Yes, and it’s given to authors!  England’s Literary Review has been giving the Bad Sex in Fiction Award for several years, and it isn’t the kind of trophy for which you’re likely to be lionized.

It is hard…damn! I meant to say difficult – to write about the awards without lapsing into double entendre, and as one reads about them the mind teems with sophomoric jokes and snigger-inducing puns. For instance, Guardian.co.uk‘s headline is “Alastair Campbell outlasts Tony Blair in bad sex awards. Former spin doctor beats off stiff competition from ex-PM to reach shortlist for prize honouring clumsy prose about coitus.” And surely someone with a schoolboy prankster’s sense of humor booked the venue for presentation of the award at the In & Out Club in St James’s Square.

We can’t even discuss how the awards were conceived – see what I mean? – without smirking. But let’s try.
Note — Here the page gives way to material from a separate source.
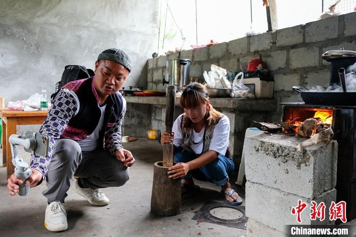 En photo : Dilong (à gauche) filmant le processus de la fabrication de la sauce du piment traditionnelle par une habitante de Zayü, le 13 mai.
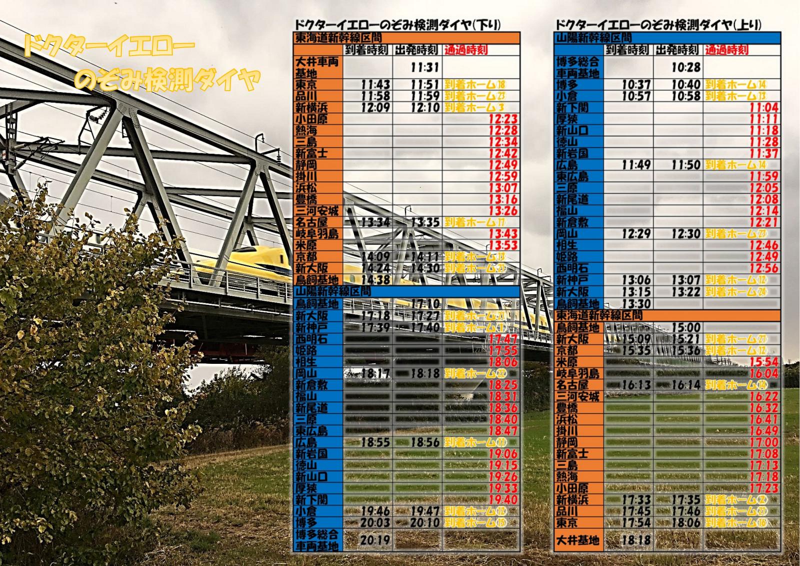 写真右側…ドクターイエローこだま検測ダイヤ

Ironically,” we read in a posting in The Independent by Arifa Akbar, ” the bad sex awards were originally conceived, in 1993, to celebrate good sex, before the editor, Auberon Waugh, was advised by co-founder, Rhoda Koenig, that this might be ‘less interesting’ than plucking out the clichéd and the corny. Waugh went with her suggestion. ‘For something like 15 years I had to review a novel a week in various publications,’ he explained in an article for The Erotic Review, “and bit by bit I noticed how practically every novelist had taken to including a sex scene which had nothing to do with the plot and added nothing to the enjoyment of the narrative. Nobody could possibly have been aroused by these awkward, perfunctory couplings.”

For some witty and insightful articles from the British viewpoint about sex in literature, read  Bad sex please, we’re British: Can fictive sex ever have artistic merit? and Is it Difficult to Write Well about Sex?

The nominees for the 2010 are as follows (the publishers listed are British):

Freedom by Jonathan Franzen (4th Estate)
The Slap by Christos Tsiolkas (Atlantic Books)
The Golden Mean by Annabel Lyon (Atlantic Books)
Maya by Alastair Campbell (Hutchinson)
A Life Apart by Neel Mukherjee (Constable & Robinson)
Heartbreak by Craig Raine (Atlantic Books)
The Shape of Her by Rowan Somerville (W&N)
Mr Peanut by Adam Ross (Jonathan Cape).

We don’t yet have the offending passages nominated for this year’s prize but here they are for 2009: extracts from the 2009 prize shortlist. Please let’s not all groan at once.

Ironically, Jonathan Franzen’s Freedom was not nominated for a National Book Award but it is a candidate for a Bad Sex one. Will he attend the award ceremony?  Has he prepared an acceptance speech?